The position taken by counsel that, because appellee here has interposed by plea the defense that the policy in question was canceled before the injury made the basis of the suit occurred, it cannot avail itself of the limitation clause, also is not tenable. No proposition is more thoroughly settled in this state than that under our system of pleading a defendant may avail himself of as many defenses as the facts warrant, even if such defenses are inconsistent. The plea relying on the cancellation of the policy and the plea relying on the limitation by contract, as well as all' the other pleas, were filed simultaneously and neither waives the other as a defense.

The replication, to which the demurrer was sustained, was clearly insufficient. It fails, to show that, when appellee denied liability on the policy on the ground that the same had been cancelled before the injury to Jacobson, the limitation by contract had expired; in fact, it expressly shows the contrary to be true. The demurrer to this replication was properly sustained.

It is claimed by appellee that the policy was canceled; that Ayres & Petrie, who negotiated the policy and received from appellant the premium and by whom the policy was delivered to appellant, were mere insurance brokers and in this transaction were the agents of appellant and not of appellee, and that, as the premium paid for the policy, although paid to Ayres & Petrie by appellant, was not in fact actually turned over by Ayres & Petrie to appellee, it was not necessary for appellee to return to appellant the unearned part of the premium at the time cancellation of the policy was ordered.

In the view we take of this ease, it will not be necessary to discuss in detail the evidence on the question of whether Ayres & Petrie were the agents of appellee or appellant, or were mere brokers. Suffice it to say, to our minds it clearly establishes the fact that they were the agents of appellee, not only in negotiating and delivering the policy, but in receiving the premium, and that the payment of the premium to them was a payment to appellee.

On the question of the right of appellee to cancel the policy without a return of the unearned part of the premium, there are two lines of authorities hopelessly in conflict. By one line of these authorities it is held that, when the policy provides for cancellation upon notice, the giving of such notice is sufficient without being accompanied by the return or tender of the unearned premium. Among this class of cases are the following: Newark Fire Ins. Co. v. Sammons, 11 Ill. App. 230; Colonial Assur.
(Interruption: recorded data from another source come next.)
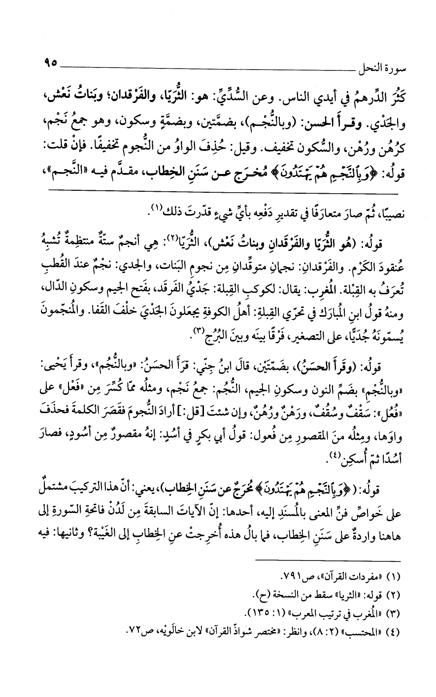 قوله: (وقرأ الحسن)، بضمتين، قال ابن جني: قرأ الحسن: "وبالنُّجُم"، وقرأ يحيى: "وبالنُّجْم" بضم النون وسكون الجيم، النجم: جمع نجم، ومثله مما كسر من "فعل" على "فُعُل": سقف وسُقفٌ، ورهنٌ ورُهُنٌ، وإن شئت [قل: ] أراد النجوم فقصر الكلمة فحذف واوها، ومثله من المقصور من فعول: قول أبي بكر في أسُدٍ: إنه مقصور من أسودٍ، فصار أسُداً ثم أُسكن.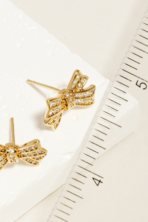 Cubic Zirconia Stud Ribbon Bow Stud Earrings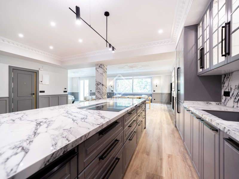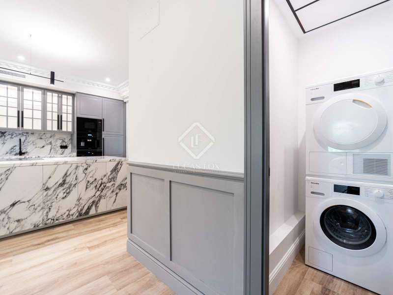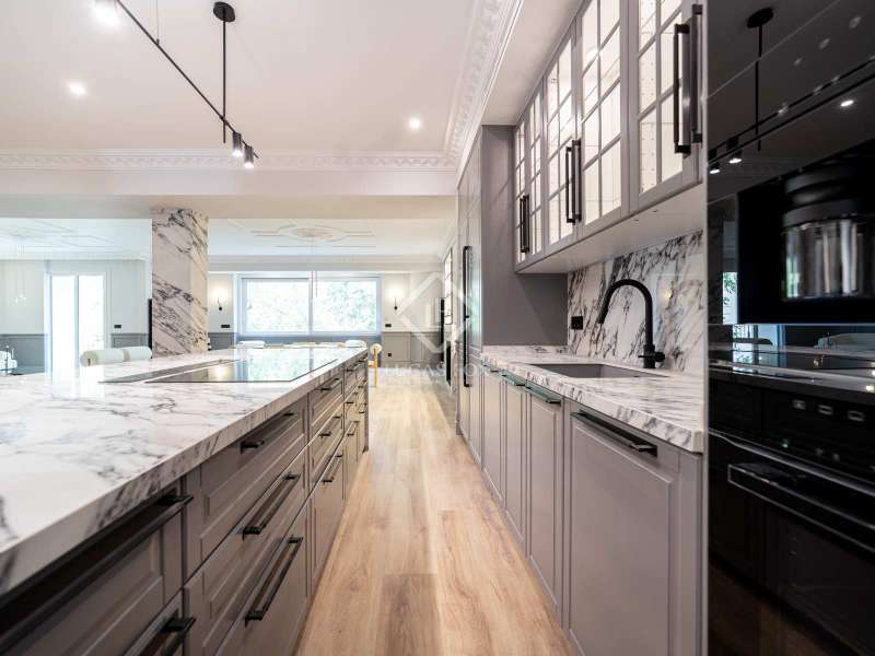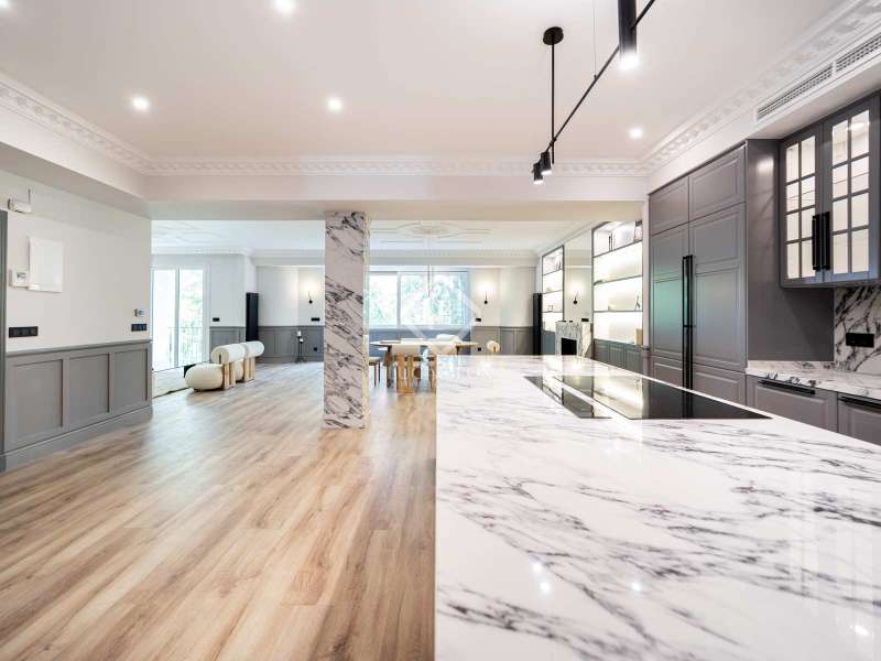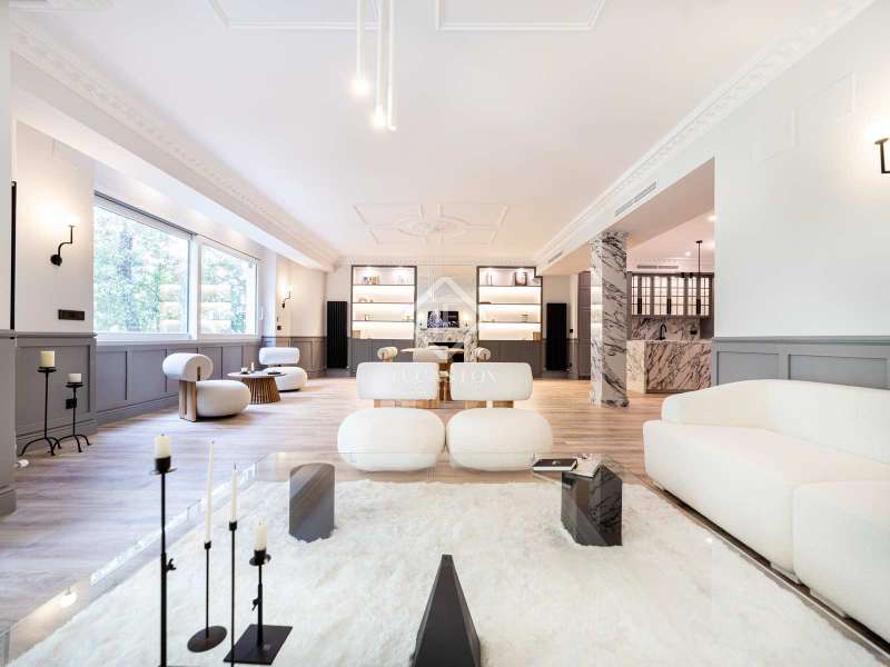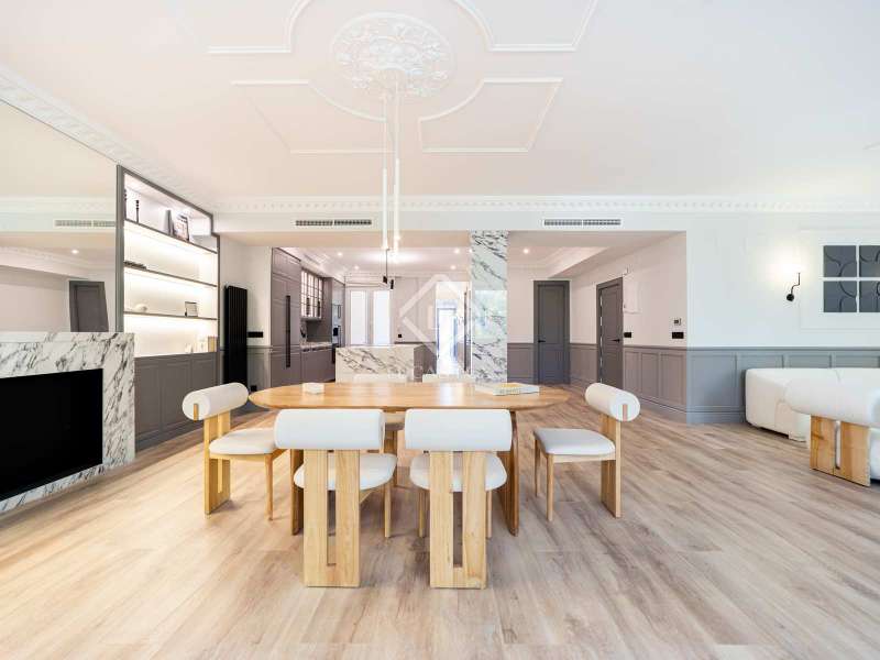 The apartment, completely renovated by design, has 261 square meters that are very useful, distributed in two large living areas , very bright and sunny as it has two balconies overlooking a tree-lined street, a dining room, an open kitchen, three bedrooms with three bathrooms ( the main one is large) and a separate washing machine area. The property, completely brand new, is fully furnished and has high-end appliances . The apartment has centralized hot and cold air conditioning and individual heating.

Co. v. National Fire Ins. Co., 110 Ill. App. 471; Davidson v. German Ins. Co., 74 N. J. Law 487; Schwarzchild & Sulsberger Co. v. Phoenix Ins. Co., 115 Fed. 653; Crescent Ins. Co. v. Griffin & Schook, 59 Tex. 509, and others.

The other line holds that, unless otherwise expressly provided by the terms of the policy, before a policy can be canceled upon notice, it is incumbent on the' insurance company to pay or tender to the policy holder the unearned premium. To this latter holding our Supreme Court is unalterably committed. Peoria Marine & Fire Ins. Co. v. Botto, 47 Ill. 516; Aetna Ins. Co. v. Maguire, 51 Ill. 342; Dickerson v. North Western Mut. Life Ins. Co., 200 Ill. 270. The Appellate Court of this state has also, in numerous cases, followed this rule. Hartford Fire Ins. Co. v. McKenzie, 70 Ill. App. 615; Peterson v. Hartford Fire Ins. Co., 87 Ill. App. 567; Dickerson v. North Western Mut. Life Ins. Co., 102 Ill. App. 280; Hartford Fire Ins. Co. v. Tewes, 132 Ill. App. 321; Williamson v. Warfield, Pratt, Howell Co., 136 Ill. App. 168.

The clause in the policy before us, under which it is claimed the policy was canceled, is as follows:

“Section 5. That this policy may be canceled by the company at any time. It may also be canceled by the assured, provided the premium has been paid. If canceled by the company, it shall retain a pro rata premium for the time the policy has been in force; if canceled by the assured, the company shall, after deducting 25 per centum of the whole of the premium for expenses, retain a premium computed according to the customary short rates, based upon the amount of pay roll expended up to the date of cancellation.”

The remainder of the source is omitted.